Peterson stated: "The excessive use of stock options - especially fixed-price options - was encouraged by the fact that they did not result in a charge to earnings while providing substantial tax deductions. The quantity of such stock options resulted in an enormous incentive to manage companies for short-term stock price gains and the unprecedented bull market led to massive unanticipated gains in options unrelated to management's operating performance." The report declares that: "Executive compensation has become too 'delinked' from long-term performance goals in many corporations. There is an imbalance between unprecedented levels of executive compensation, with little apparent financial downside risk or relationship of this compensation to long-term company performance."

Four guiding compensation principles

The committee suggested a series of recommended principles as well as a series of specific best practices. The principles include:

1. Focus on a much tighter linkage between executive operating performance and executive compensation, rather than simply on the ups and downs of the stock market, which are often not closely related to the executive's contribution to the long-term value of the enterprise.

2. Focus on a fully independent, accountable, and vigorous compensation committee that takes primary responsibility of all aspects of executive compensation including employment, retention, and severance agreements.

3. Focus on accounting neutrality so as to avoid bias and favor of any one form of equity based compensation, and, at the same time, facilitate comparability of results as between companies.

4. Focus on full disclosure of all material information on an understandable and timely basis and, in particular, to reassure the public that management is not involved in stock transactions with advanced knowledge of material information not available to the public at that time.

Recommended best practices

1. The Compensation Committee should retain any outside consultants who advise it, and the outside consultants should report solely to the Committee.

2. The Compensation Committee should be unconstrained by industry averages and statistics or by the company's past compensation practices and levels, which, in certain companies, have been excessive.

3. Stock options should be expensed on a uniform and broadly accepted basis. This will eliminate the accounting treatment that makes stock options so desirable to companies at the expense of more performance-oriented forms of compensation including cash, and equity compensation.

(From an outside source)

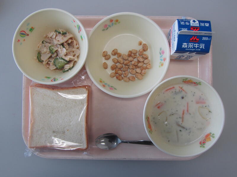 10月21日(木)の給食(食パン 牛乳 鮭のクリーム煮 きなこ豆 れんこんサラダ)
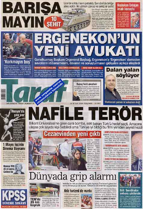 Taraf'ın manşeti gazeteler içinde en çarpıcı ve dikkat çekici olanıydı.

4. Senior management and directors should: 1) be required to own a meaningful amount of company stock on a long-term basis; and 2) be subject to substantial minimum holding periods for equity received as compensation, in each case in order to align the interests of management with those of the corporation. Holding periods for senior executives and directors should generally not be less than the holding periods for other employees.

5. Companies should avoid the use of special purpose entities to compensate or enrich senior executives.

6. There should be a strengthening of requirements for conspicuous disclosure of all material impacts of stock options and other compensation arrangements, including overall costs and earnings dilution effects, as well as disclosure of all employment agreements for top executives, including severance arrangements.

7. Shareholders should approve modification of existing equity compensation arrangements, including repricing options or any actions that could dilute their holdings.

8. Executive officers should be required to give advanced public notice of their intention to sell their stock.